Contrary to depictions in historical fiction and television, the Wars of the Roses was not just the story of Warwick the Kingmaker, Edward IV, Richard III, and the Princes in the Tower. Recent academic research has stressed that the civil wars that rocked England in 1450-1500 had very real consequences for ordinary men and women, who also had the opportunity to influence the course of events. The Wars also coincided with fundamental changes in the nation’s social structure, cultural tastes, and relationships with its subject territories of Ireland and Wales.
This course seeks to acquaint students with new trends in the study of the Wars of the Roses, as well as encouraging them to assess the significance of the conflict outside the world of kings and nobles. We shall examine poems and manifestos written by English peasants and townspeople to see how they reacted to political chaos, and also think about the ways in which the leading figures of the Wars of the Roses tried to appeal to an increasingly literate and politically aware populace. In addition, we shall think about the impact of warfare on the English people, from the soldiers who fought on battlefields to the inhabitants of towns ransacked by armies. We will also learn about ideas of gender and sexuality prevalent in late medieval England, and how these views affected popular attitudes towards the kings and queens of England in 1450-1500.

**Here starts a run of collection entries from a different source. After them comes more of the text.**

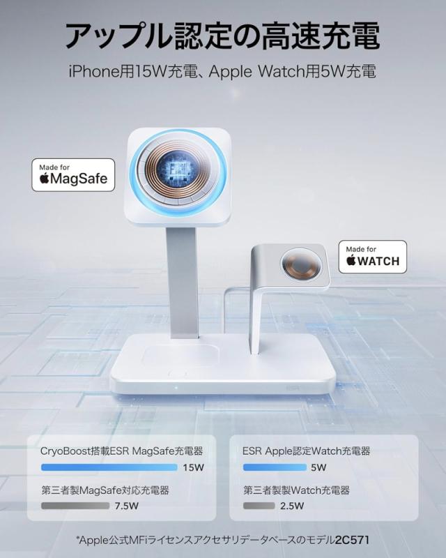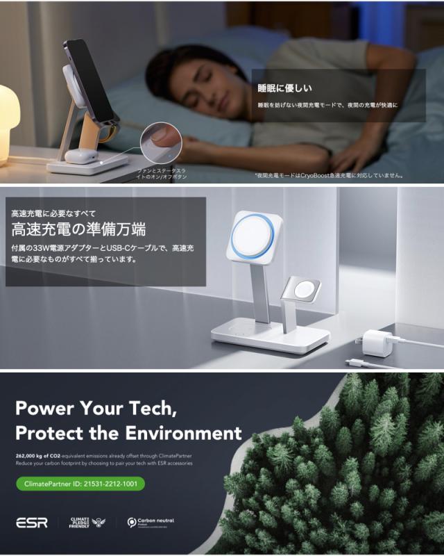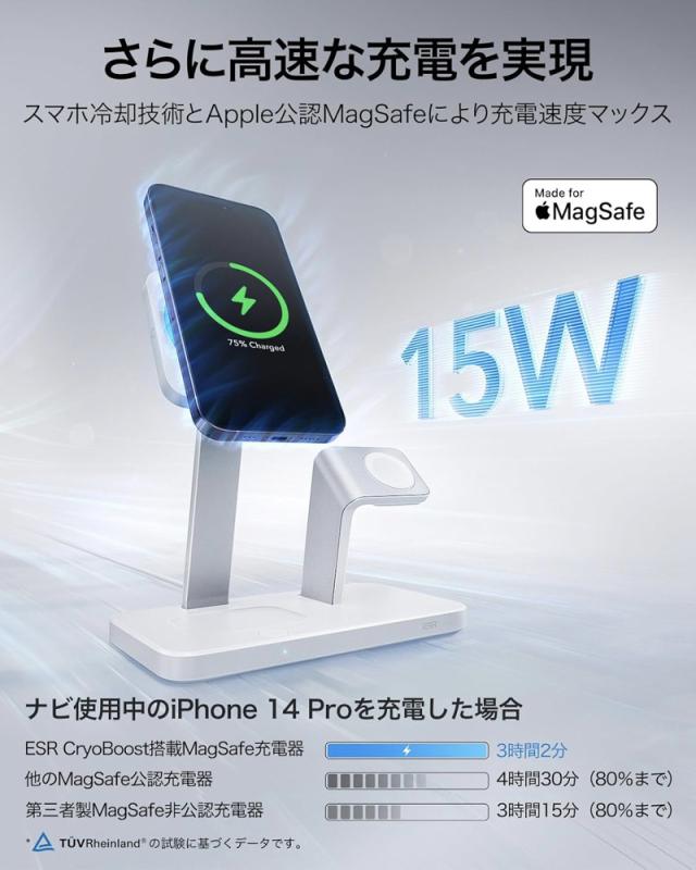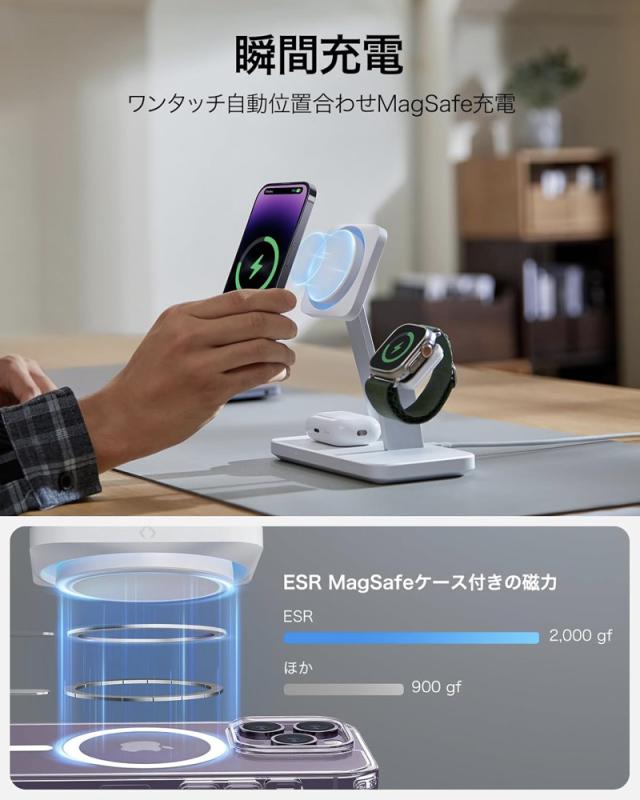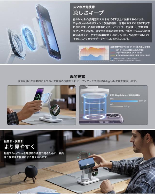 | ESR 3in1 Apple認定磁気ワイヤレス充電器 | 【公式・高速充電】 Apple認定の15W MagSafe iPhone充電と5W Apple Watch充電に対応し、より高速で安全な方法で必要なデバイスを充電できます。 【より涼しく、より速く】 CryoBoostファンと革新的な放熱部品がiPhoneを冷却つため、充電速度をマックスに保ち、充電中のiPhoneを快適に保ち、バッテリー寿命が長持ちします。 【瞬間充電】 強力な内蔵マグネットがiPhone、Apple Watch、AirPodsを自動で位置合わせし、ワンタッチで便利なMagSafe充電を可能にします。 【縦横両用】 iPhoneの充電パッドは、縦向き用にFaceTime、横向き用に動画を見ながら、ハンズフリーで充電するために最適な高さと角度に調節できます。 【睡眠に優しい】 ボタンを押すだけで夜間充電モードに切り替わり、睡眠をさまたげません。 【3in1マグネット充電】 iPhone、AirPods、Apple Watchを同時充電。iPhone 16/15/14/13/12シリーズ、AirPods Pro/3/2、 Apple Watch Ultra、Apple Watch 8/7/6/5/4/3/2/1シリーズ、Apple Watch SE 2/1に対応。 【Made for Apple Watch公認】 アップルウォッチ充電器は、セーフティが確保された信頼性の高い高速充電を提供するための公式認定済み。 【強力な磁気吸着】 1,000gの吸着力で、充電中のスマホを所定の位置にしっかり固定し、ウォッチ充電器とAirPods充電パッドに内蔵された磁石により、Magsafe充電に対応し、瞬時に位置合わせ可能。 【快適なビュー】 スマホの充電パッドは、ワイヤレス充電しながらでもFacetimeや動画を快適に見ることができる角度に人間工学を考慮して設計されています。 |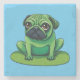 Pug verde lindo que se parece a una rana sentada en un lililipad. Se puede cambiar el color de fondo.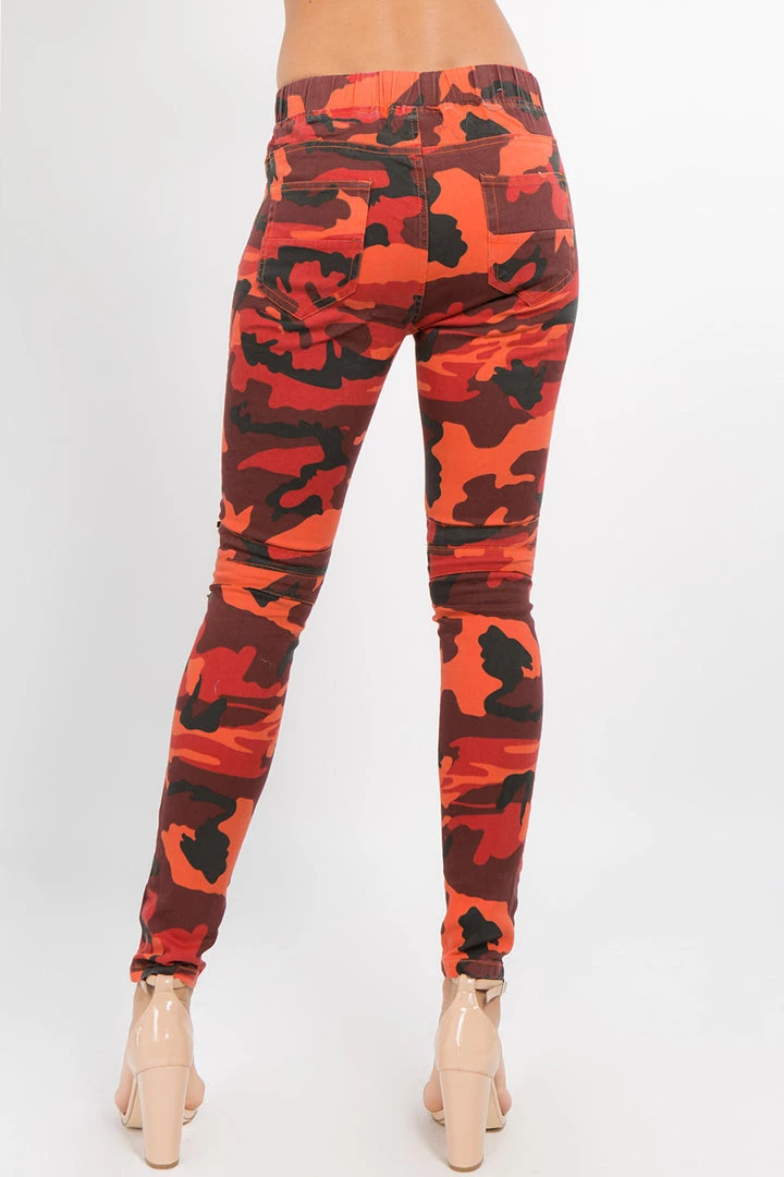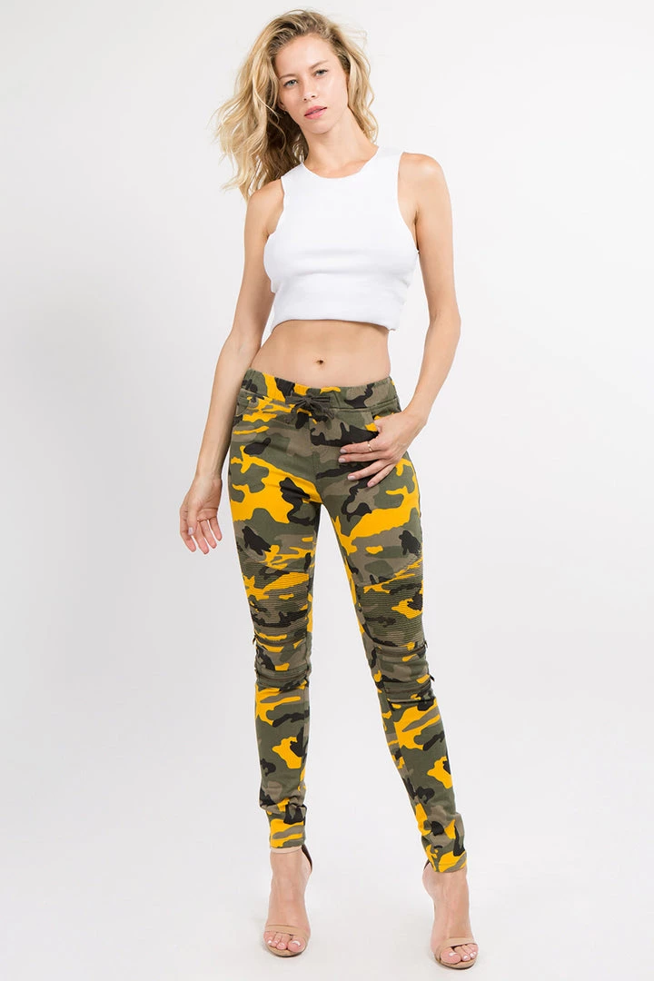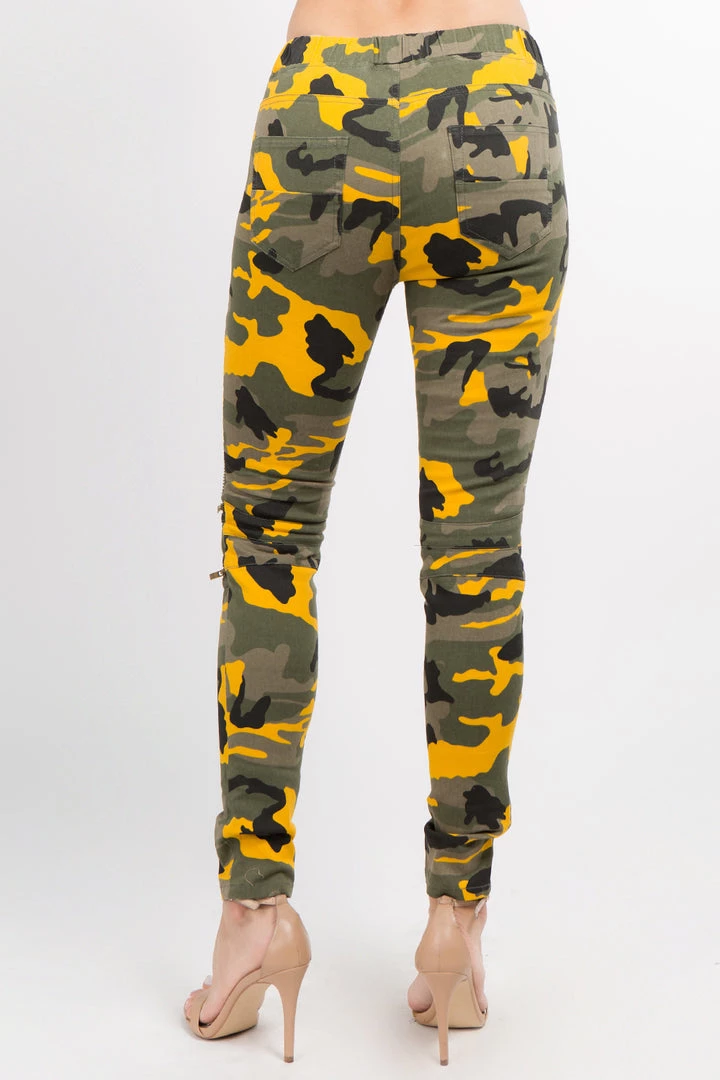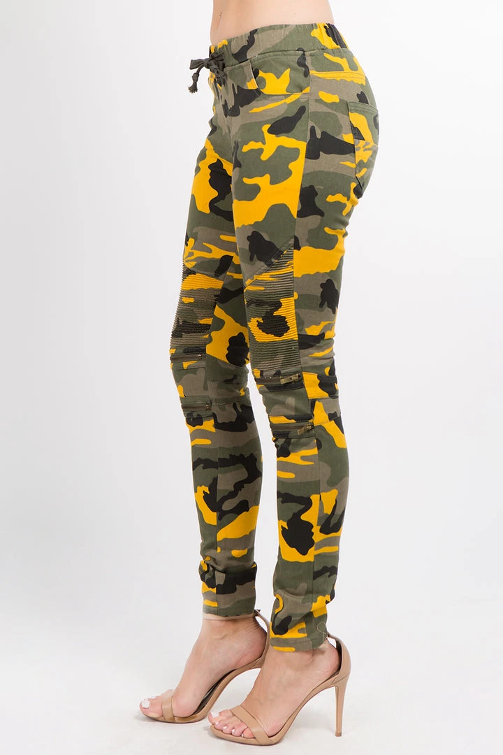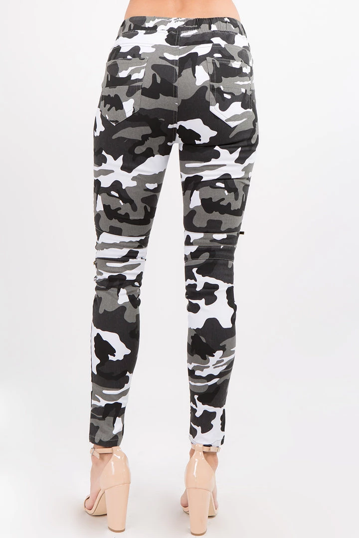 A pair of camouflage print moto joggers featuring knee zipper accents, a high rise elasticized waist and a total of 4 front and back pockets with front drawstring.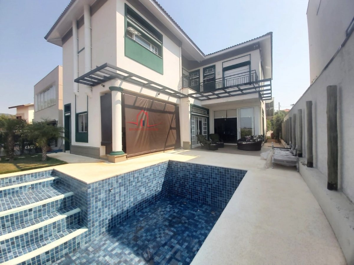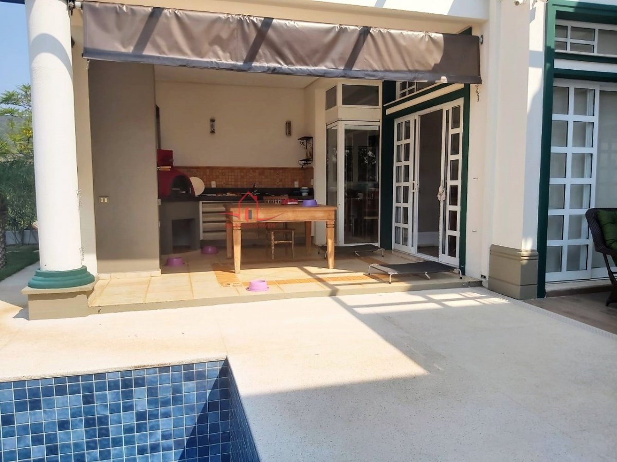 O imóvel possui 3 suítes, lavab, sala de TV e escritório, sala de estar, jantar e almoço, suíte de empregada, piscina, churrasqueira e forno de pizza.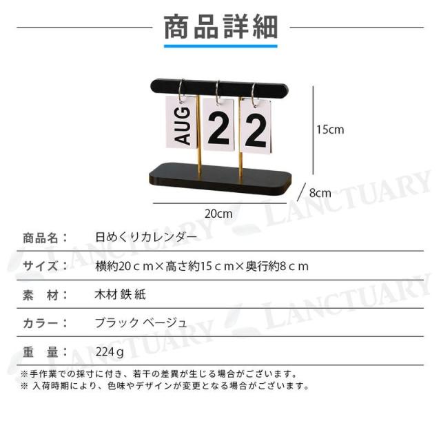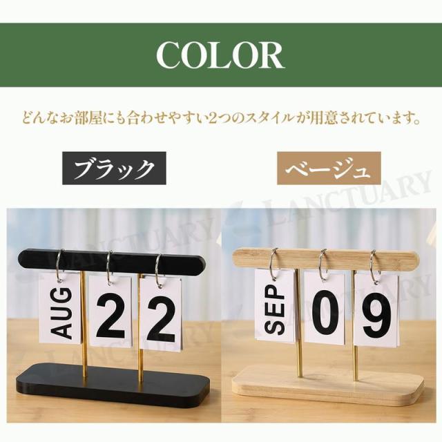 空間を引き締めるモダンで洗練されたブラックと、ナチュラルで温かみのあるベージュの2色展開。 カードいっぱいに描かれた大文字のフォントなので、離れた場所からでも一目で日付を確認できます。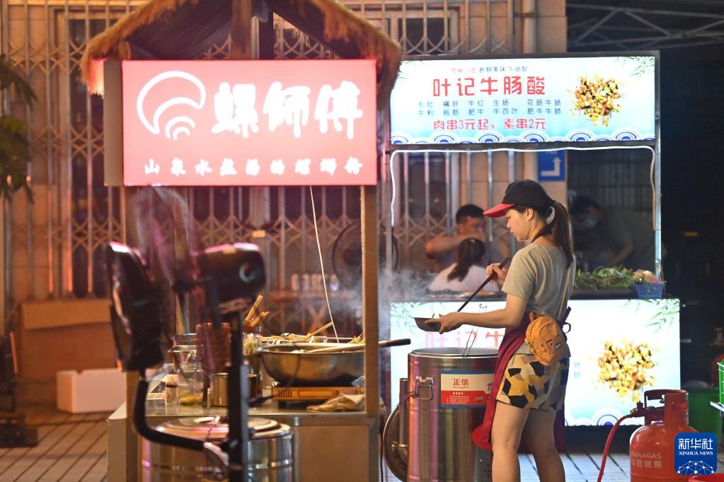 夏夜里,廣西柳州市柳北區新開(kāi)的廣雅民生夜市煙火氣升騰,炒田螺、螺螄粉、烤肉串等特色美食吸引眾多市民。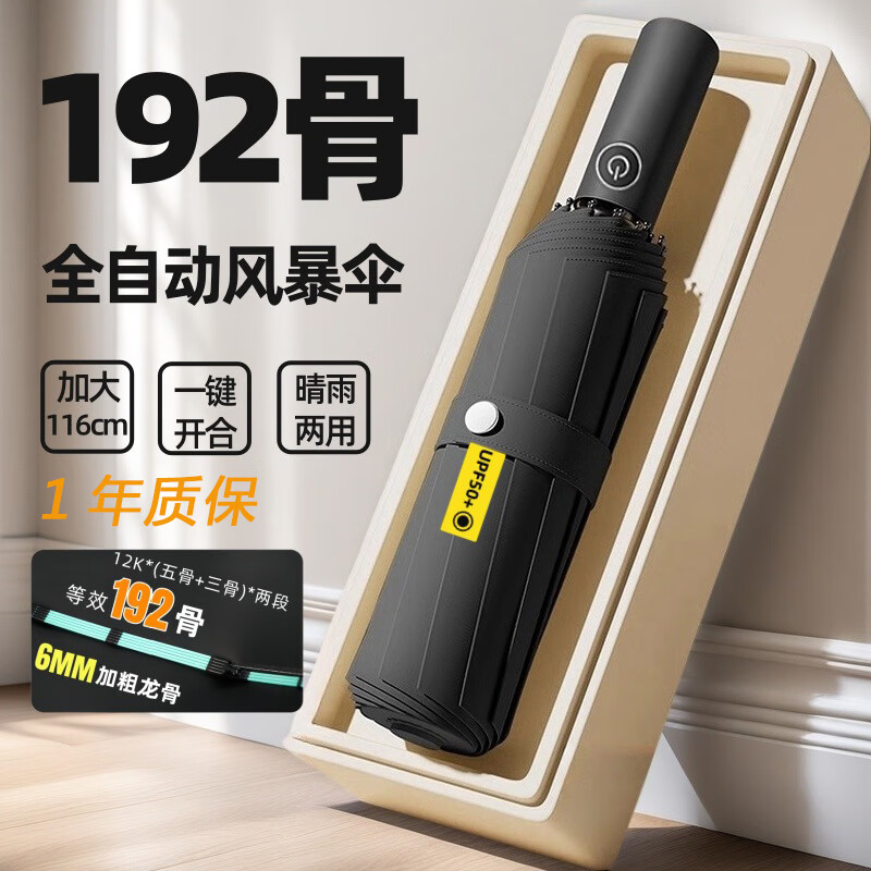 云开日出192骨全自动雨伞加固加厚结实抗风大号遮阳伞便携折叠伞男学生 192骨升级抗风暴伞-时尚黑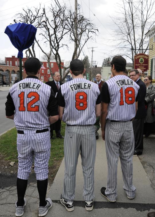Cooperstown High School baseball team members wore “Fowler” nameplates on their jerseys during the 2013 season in honor of Bud Fowler, who grew up in Cooperstown and later became one of the earliest Black professional baseball players. The players dressed in uniform as the Village of Cooperstown dedicated “Fowler Way” on April 20, 2013. (Milo Stewart Jr./National Baseball Hall of Fame and Museum).

Moving beyond England, Ireland and Wales played a large role in the Wars of the Roses, with several contenders for the throne using these English-held territories as bases for mounting their challenges to royal authority. But did the prominence of Ireland and Wales in dynastic warfare prompt a fundamental shift in the balance of power between different parts of the British Isles? Lastly, the module considers England’s place within the world of humanist scholarship and Renaissance art emerging in the 15th century. In particular, we shall discuss how these new cultural trends influenced the ways in which contemporaries wrote about the Wars of the Roses and, hence, the narratives that have been passed down to us today.
Learning outcomes
- To become familiar with new trends in research on the Wars of the Roses;
- To analyse 15th-century primary sources written by those outside the English social elite;
- To evaluate historians’ arguments.